Quality Strategy

The Centers for Medicare & Medicaid Services (CMS) requires in 42 CFR §438.340, each state contracting with a managed care organization (MCO) to draft and implement a written quality strategy for assessing and improving the quality of health care and services furnished by the MCO.  At least every three years, Texas must review and update its quality strategy. The results of the review must be made available to the public, and the updated strategy must be submitted to the CMS. The quality strategy is reviewed each year by the External Quality Review Organization in its Annual Technical Report.

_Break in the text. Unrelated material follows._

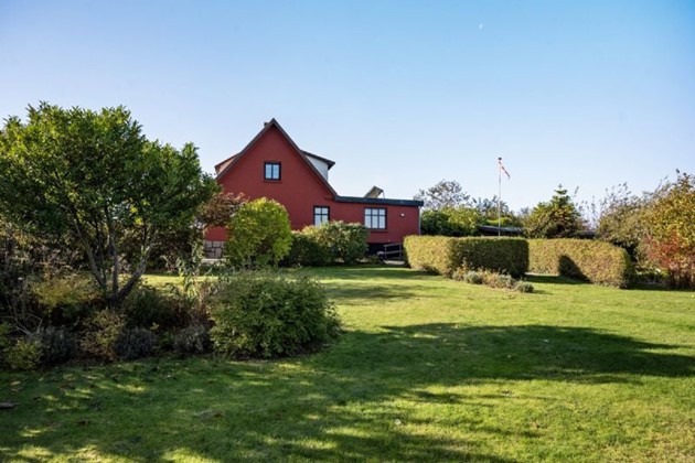 Ejendommen, som ligger højt på en stor grund, byder på idylliske udearealer med frugttræer, buske og hyggelige lækroge, hvor I kan nyde naturens skønhed i private omgivelser.

HHSC uses its Managed Care Quality Strategy to assess and improve the quality of health care and services provided through the managed care system, prioritizing the following goals:

  • Promoting optimal health for Texans
  • Strengthening person and family engagement as partners in their care
  • Keeping patients free from harm
  • Providing the right care in the right place at the right time
  • Promoting effective practices for people with chronic, complex, and serious conditions 
  • Attracting and retaining high-performing Medicaid providers, including medical, behavioral health, dental, and long-term services and supports providers

Transforming Medicaid and the Children’s Health Insurance Program into a value-based system is a long-term endeavor involving many decisions and coordinated actions by HHSC programs and stakeholders. HHSC constantly works to make sure people get better healthcare and stay healthy, all while keeping the costs under control.

The most recent Texas Managed Care Quality Strategy (PDF) was submitted to CMS in September 2021.

HHSC will submit an updated Texas Managed Care Strategy to CMS in September 2024.